What the task asks: Drop the pictures and restate the rest of the listing word for word.

Given information:
[Start of section]

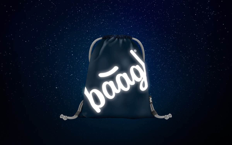 Vrecko na obuv v tmavomodrej farbe s logom Baagl, ktoré v tme svieti, zaťahovanie pomocou pevných šnúrok, ktoré zároveň umožňujú aj nosenie vrecka na chrbte.
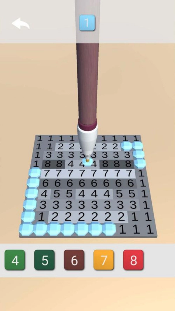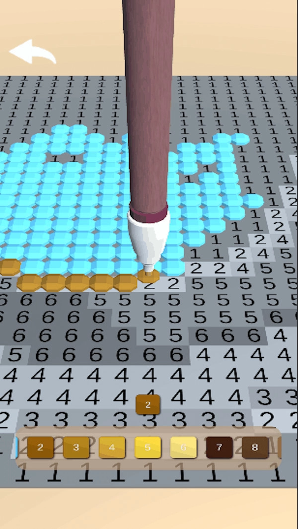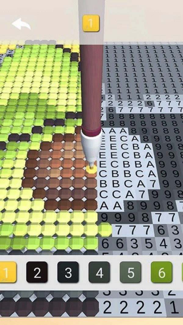 1、画面中每条线的绘制区域都标有数字,每个数字对应一种颜色,玩家需先熟悉数字与颜色的对应关系。
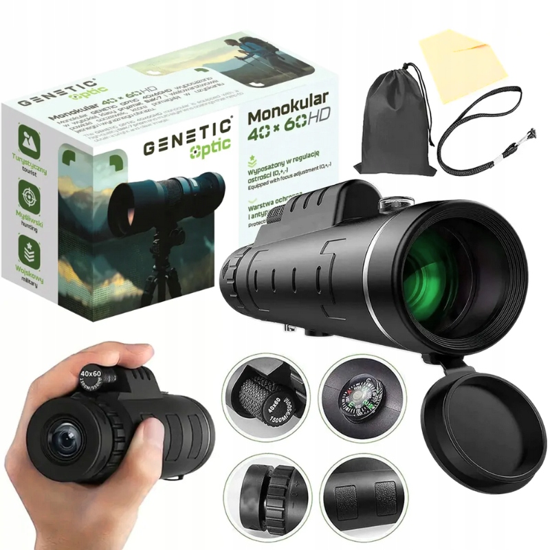 Монокуляр GENETIC® 40x60 HD — это компактный и в то же время чрезвычайно оптически совершенный инструмент, который обеспечивает яркое, детализированное изображение — независимо от погодных условий. Хорошо работает как в поле, так и в городских джунглях.

[End of section]

Result:
 Vrecko na obuv v tmavomodrej farbe s logom Baagl, ktoré v tme svieti, zaťahovanie pomocou pevných šnúrok, ktoré zároveň umožňujú aj nosenie vrecka na chrbte.
 1、画面中每条线的绘制区域都标有数字,每个数字对应一种颜色,玩家需先熟悉数字与颜色的对应关系。
 Монокуляр GENETIC® 40x60 HD — это компактный и в то же время чрезвычайно оптически совершенный инструмент, который обеспечивает яркое, детализированное изображение — независимо от погодных условий. Хорошо работает как в поле, так и в городских джунглях.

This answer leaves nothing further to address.